Transactivation properties of c‐Myb are critically dependent on two SUMO‐1 acceptor sites that are conjugated in a PIASy enhanced manner

The transcription factor v‐Myb is a potent inducer of myeloid leukemias, and its cellular homologue c‐Myb plays a crucial role in the regulation of hematopoiesis. Recently, Bies and coworkers (Bies, J., Markus, J. & Wolff, L. (2002) J. Biol. Chem , 277 , 8999–9009) presented evidence that murine c‐Myb can be sumoylated under overexpression conditions in COS7 cells when cotransfected with FLAG‐tagged SUMO‐1. Here we provide independent evidence that human c‐Myb is also subject to SUMO‐1 conjugation under more physiological conditions as revealed by coimmunoprecipitation analysis of Jurkat cells and transfected CV‐1 cells. Analysis in an in vitro conjugation system showed that modification of the two sites K503 and K527 is interdependent. A two‐hybrid screening revealed that the SUMO‐1 conjugase Ubc9 is one of a few major Myb‐interacting proteins. The moderate basal level of sumoylation was greatly enhanced by cotransfection of PIASy, an E3 ligase for SUMO‐1. The functional consequence of abolishing sumoylation was enhanced activation both of a transiently transfected reporter gene and of a resident Myb‐target gene. When single and double mutants were compared, we found a clear correlation between reduction in sumoylation and increase in transcriptional activation.
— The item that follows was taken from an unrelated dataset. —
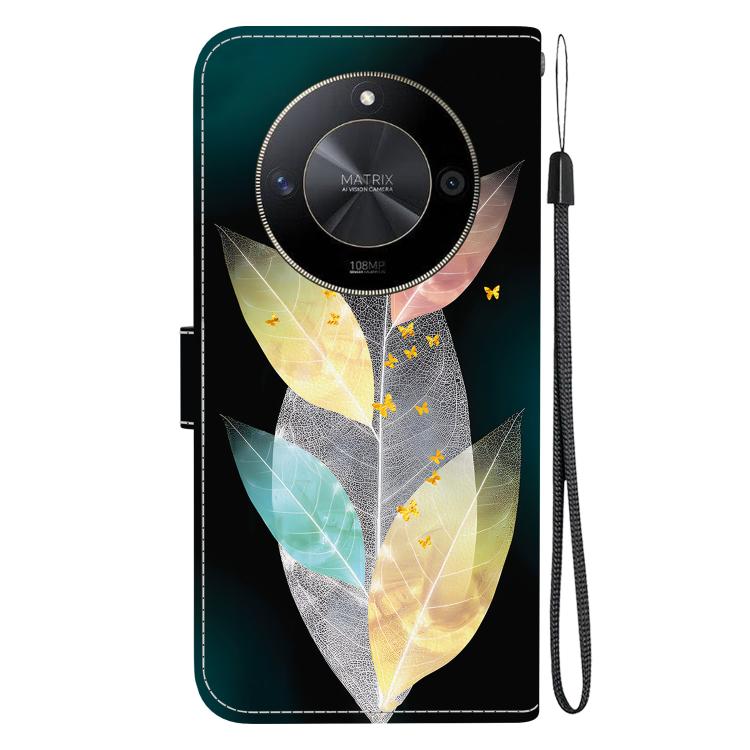 Funda de Cuero para Honor X9B y Magic6 Lite con Dibujo de Hojas de Colores y Textura de Cristal

Enhancing sumoylation by contransfection of PIASy had a negative effect on both Myb‐induced and basal level reporter activation. Furthermore, PIASy caused a shift in nuclear distribution of c‐Myb towards the insoluble matrix fraction. We propose that the negative influence on transactivation properties by the negative regulatory domain region of c‐Myb depends on the sumoylation sites located here.